*Problem to work on*. Ignoring pictures, transcribe exactly the lines between the one containing "The hotel boasts" and the end of the material, both included.

*Dataset content*.

BEGIN

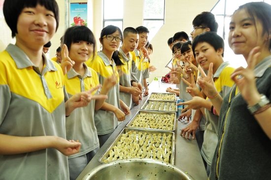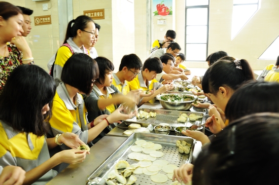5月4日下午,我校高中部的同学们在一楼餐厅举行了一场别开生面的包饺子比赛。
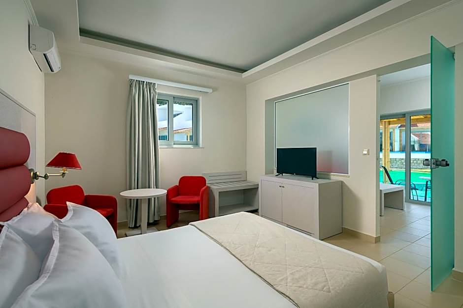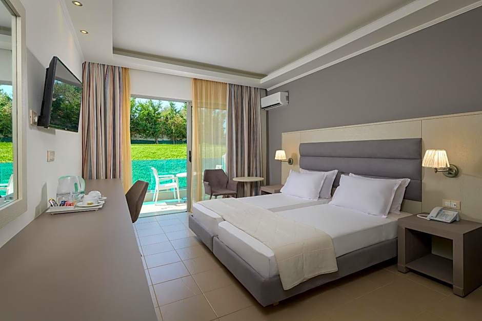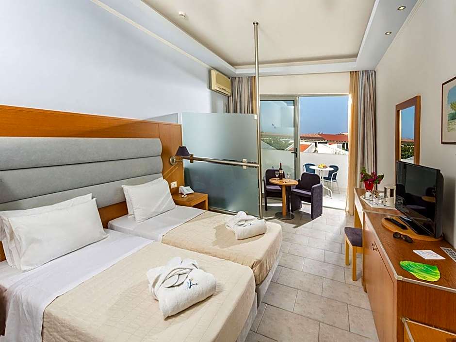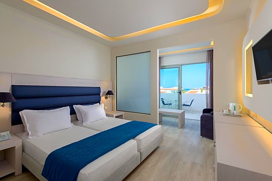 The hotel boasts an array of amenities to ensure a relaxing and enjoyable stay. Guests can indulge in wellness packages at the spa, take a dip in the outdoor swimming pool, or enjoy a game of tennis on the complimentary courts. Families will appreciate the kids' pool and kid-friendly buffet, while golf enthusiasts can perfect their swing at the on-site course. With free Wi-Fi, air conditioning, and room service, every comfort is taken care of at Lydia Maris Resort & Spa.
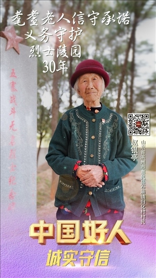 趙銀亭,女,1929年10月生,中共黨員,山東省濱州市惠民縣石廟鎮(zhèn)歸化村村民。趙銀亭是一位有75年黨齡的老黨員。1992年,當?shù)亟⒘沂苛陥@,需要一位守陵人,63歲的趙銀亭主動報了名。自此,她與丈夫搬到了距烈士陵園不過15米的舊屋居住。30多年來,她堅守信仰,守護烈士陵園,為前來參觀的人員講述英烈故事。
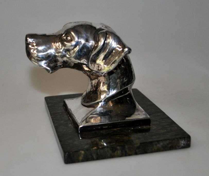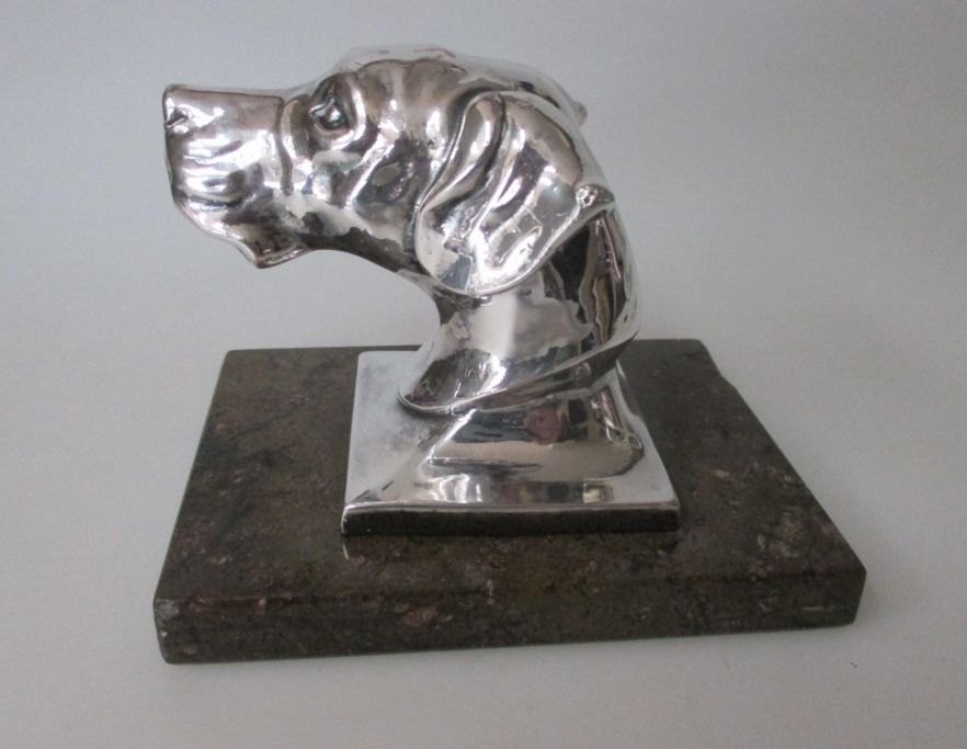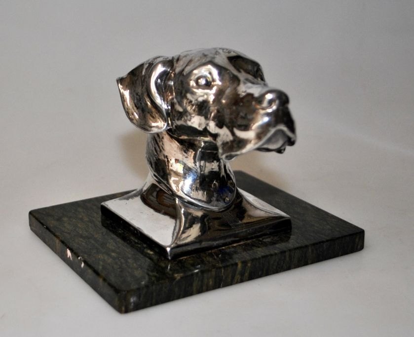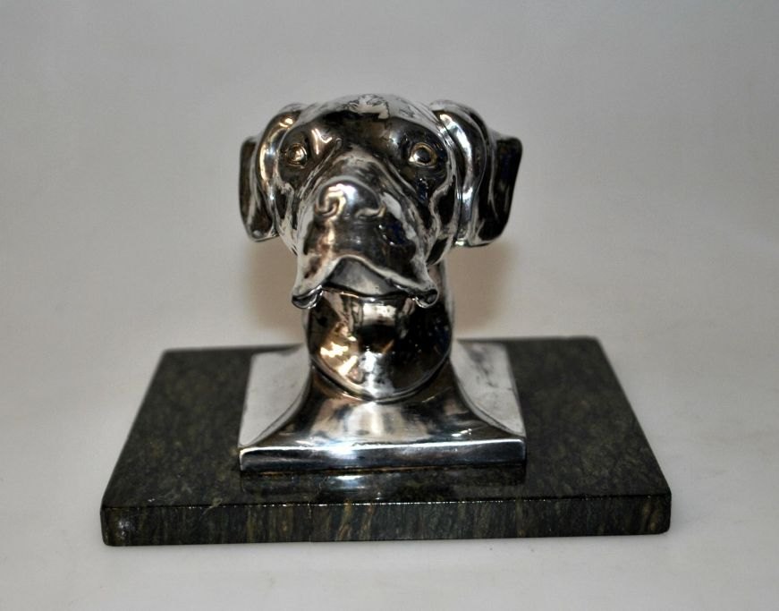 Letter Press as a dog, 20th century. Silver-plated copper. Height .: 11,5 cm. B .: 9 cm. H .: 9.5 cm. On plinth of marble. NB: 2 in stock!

END

*Exercise result*.
 The hotel boasts an array of amenities to ensure a relaxing and enjoyable stay. Guests can indulge in wellness packages at the spa, take a dip in the outdoor swimming pool, or enjoy a game of tennis on the complimentary courts. Families will appreciate the kids' pool and kid-friendly buffet, while golf enthusiasts can perfect their swing at the on-site course. With free Wi-Fi, air conditioning, and room service, every comfort is taken care of at Lydia Maris Resort & Spa.
 趙銀亭,女,1929年10月生,中共黨員,山東省濱州市惠民縣石廟鎮(zhèn)歸化村村民。趙銀亭是一位有75年黨齡的老黨員。1992年,當?shù)亟⒘沂苛陥@,需要一位守陵人,63歲的趙銀亭主動報了名。自此,她與丈夫搬到了距烈士陵園不過15米的舊屋居住。30多年來,她堅守信仰,守護烈士陵園,為前來參觀的人員講述英烈故事。
 Letter Press as a dog, 20th century. Silver-plated copper. Height .: 11,5 cm. B .: 9 cm. H .: 9.5 cm. On plinth of marble. NB: 2 in stock!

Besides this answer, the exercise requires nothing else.